Saturday, November 27, 2010

Perjalanan Menuju Merapi

SEPUTAR KITA


Suatu kehormatan bagi kami diutus mewakili Gereja Krispen guna mengunjungi korban Gunung Merapi. Selama 5 hari, 4 malam saya (Ruth), Bapak Paulus, Memy dan Diyan harus meninggalkan sejenak keluarga kami & seabreg kegiatan rutin masing-masing.

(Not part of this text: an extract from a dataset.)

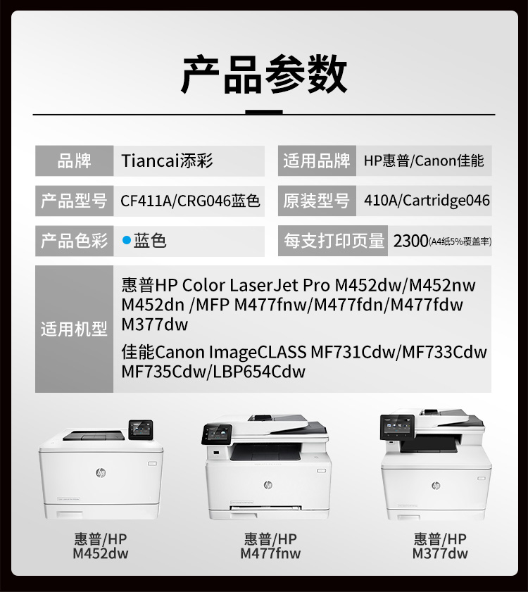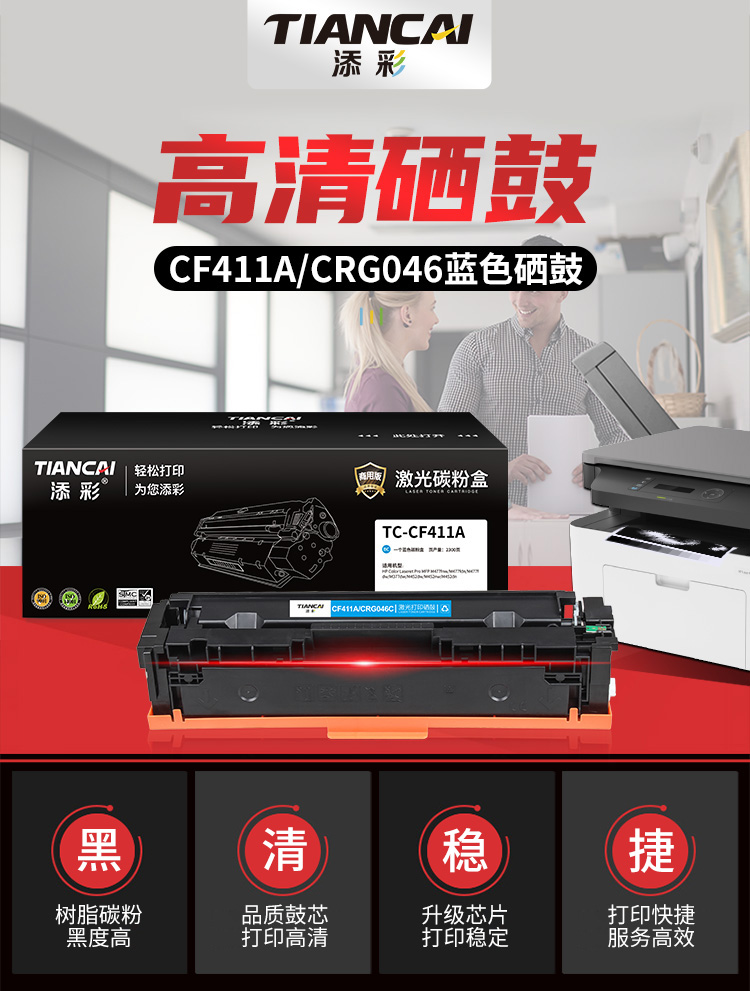 添彩 TC-CF411A 硒鼓 蓝色 2300页 适用于HP Color Laseret Pro MFP M477fnw 硒鼓 1.00 只/支 (计价单位:支) 蓝色 蓝色

Perjalanan kami dimulai pada hari Sabtu, 13 November pagi pada pukul 05.30 WIB. Dengan membawa sumbangan kebutuhan untuk para pengungsi seperti: susu bagi ibu hamil dan anak, sabun mandi, shampo, sarden, biskuit serta dana untuk perbaikan pasca meletusnya Gunung Merapi. Setelah hampir 10 jam, kami akhirnya tiba di Salatiga, salah satu tempat pangkalan relawan. Di kota ini kami bergabung dengan Gereja IFGF GISI yang sudah mendirikan beberapa posko untuk korban Merapi. Koordinator kami adalah Bapak Timotius Tri, salah seorang hamba Tuhan di sana yang memiliki hati misi yang besar. Beliau membekali kami dan mengatakan bahwa fokus mereka adalah pemulihan trauma terhadap anak-anak kecil, tetapi kami juga diminta aktif bergerak untuk melayani para pengungsi dewasa.

Setelah beristirahat sejenak, menjelang petang kami berangkat menuju tempat pengungsi yang berada di posko Boyolali. Para pengungsi yang berjumlah 400 orang ditampung di sekolah SMA 1 Negeri. Disana kami bergabung dengan tim Salatiga dan tim Jakarta.

Kegiatan yang kami lakukan antara lain mengajak anak-anak menggambar, bermain, menonton film bersama. Selain itu, kami menghibur orang-orang dewasa dengan bernyanyi. Kami juga banyak mendengar curhat para pengungsi yang rata-rata bingung dengan apa yang harus mereka lakukan setelah bencana Merapi ini usai, karena sumber penghasilan mereka yaitu tanaman di sawah dan ladang hancur semua, ternak banyak yang mati dan rumah mereka rusak dihembus “Wedhus Gembel”. Mereka membutuhkan waktu setidaknya 4 bulan untuk bisa bercocok tanam kembali serta membutuhkan biaya yang tidak sedikit untuk memberi makan ternak (karena rumput pakan ternak harus dibeli).

Hari Senin, kami kembali ke Salatiga karena sudah banyak dari para pengungsi yang pulang ke rumahnya.

Hari Selasa, kami bersama Bapak Timotius Tri pergi ke desa Rogobelah, yang berjarak 4-5 km dari puncak Merapi. Di desa ini, ada sekitar 80 kepala keluarga, dimana kami melihat pemandangan yang sangat memprihatinkan. Tidak ada satupun tanaman yang masih hidup, semuanya putih terkena debu. Rumah para warga juga tertutup debu tebal yang mencapai 40 cm. Saat itu langit mendung dan hujan gerimis sehingga kami harus segera kembali ke pos pangkalan. Karena jika hujan bertambah deras, maka jalanan yang tertutup debu akan menjadi licin dan cukup membahayakan bagi kami bepergian menggunakan mobil.

Setelah dari desa Rogobelah kemudian kami pergi ke posko logistik di Blabak Muntilan, dan disitu ada sekitar 1600 orang pengungsi. Kota Muntilan adalah kota yang mengalami kerusakan yang cukup parah juga karena banyak lumpur dari debu di sepanjang jalan tersebut sehingga kami harus berjalan hati-hati.

Hari Rabu kami kembali pulang ke Surabaya. Suatu pengalaman yang sangat berkesan bagi kami berempat karena kami diingatkan Tuhan untuk tetap memiliki hati bagi jiwa-jiwa. Tubuh kami memang capek karena perjalanan jauh, kami juga tidak bisa tidur sebab harus tidur di dalam mobil dan tenda. Tetapi kami puas bisa berbagi kasih dengan orang yang menderita. (Ruth Salmah, Pengawas Area Family).